--- GIVEN ENTRIES Enclosed Below ---

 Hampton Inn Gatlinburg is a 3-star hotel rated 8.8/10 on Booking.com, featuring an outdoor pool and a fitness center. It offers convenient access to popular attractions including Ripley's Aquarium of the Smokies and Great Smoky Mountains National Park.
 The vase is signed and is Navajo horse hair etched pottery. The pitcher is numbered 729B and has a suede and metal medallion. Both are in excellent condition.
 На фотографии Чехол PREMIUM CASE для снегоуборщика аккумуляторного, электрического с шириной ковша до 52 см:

--- End of Enclosed GIVEN ENTRIES ---
--- GIVEN ENTRIES Enclosed Below ---

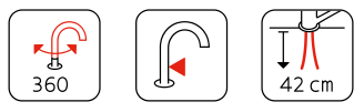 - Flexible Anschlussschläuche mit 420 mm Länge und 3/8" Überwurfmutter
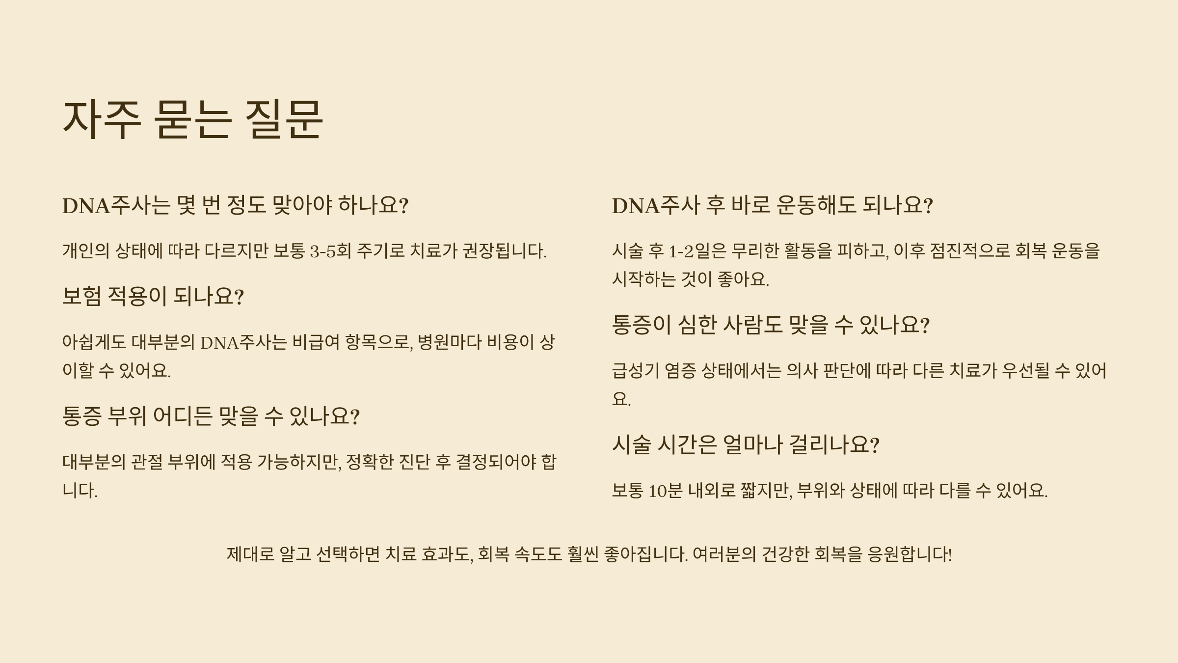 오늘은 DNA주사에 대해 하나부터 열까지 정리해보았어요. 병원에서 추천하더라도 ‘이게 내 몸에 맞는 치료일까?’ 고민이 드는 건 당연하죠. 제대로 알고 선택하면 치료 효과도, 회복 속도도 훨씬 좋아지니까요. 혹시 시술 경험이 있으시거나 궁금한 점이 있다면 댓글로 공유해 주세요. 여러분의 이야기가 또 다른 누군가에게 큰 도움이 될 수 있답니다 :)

--- End of Enclosed GIVEN ENTRIES ---
--- GIVEN ENTRIES Enclosed Below ---

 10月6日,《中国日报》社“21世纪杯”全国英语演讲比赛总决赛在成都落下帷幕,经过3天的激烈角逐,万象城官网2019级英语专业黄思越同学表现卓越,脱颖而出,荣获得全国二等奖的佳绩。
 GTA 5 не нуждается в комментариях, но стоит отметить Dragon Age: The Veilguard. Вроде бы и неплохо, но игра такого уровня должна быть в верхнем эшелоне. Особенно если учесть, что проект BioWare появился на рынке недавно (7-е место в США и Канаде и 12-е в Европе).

--- End of Enclosed GIVEN ENTRIES ---

Look above for the line with "- Flexible Anschlussschläuche" and the line with "오늘은 DNA주사에 대해", then copy exactly the lines from the first through the second, both kept, with no pictures.

▶ RESPONSE:
 - Flexible Anschlussschläuche mit 420 mm Länge und 3/8" Überwurfmutter
 오늘은 DNA주사에 대해 하나부터 열까지 정리해보았어요. 병원에서 추천하더라도 ‘이게 내 몸에 맞는 치료일까?’ 고민이 드는 건 당연하죠. 제대로 알고 선택하면 치료 효과도, 회복 속도도 훨씬 좋아지니까요. 혹시 시술 경험이 있으시거나 궁금한 점이 있다면 댓글로 공유해 주세요. 여러분의 이야기가 또 다른 누군가에게 큰 도움이 될 수 있답니다 :)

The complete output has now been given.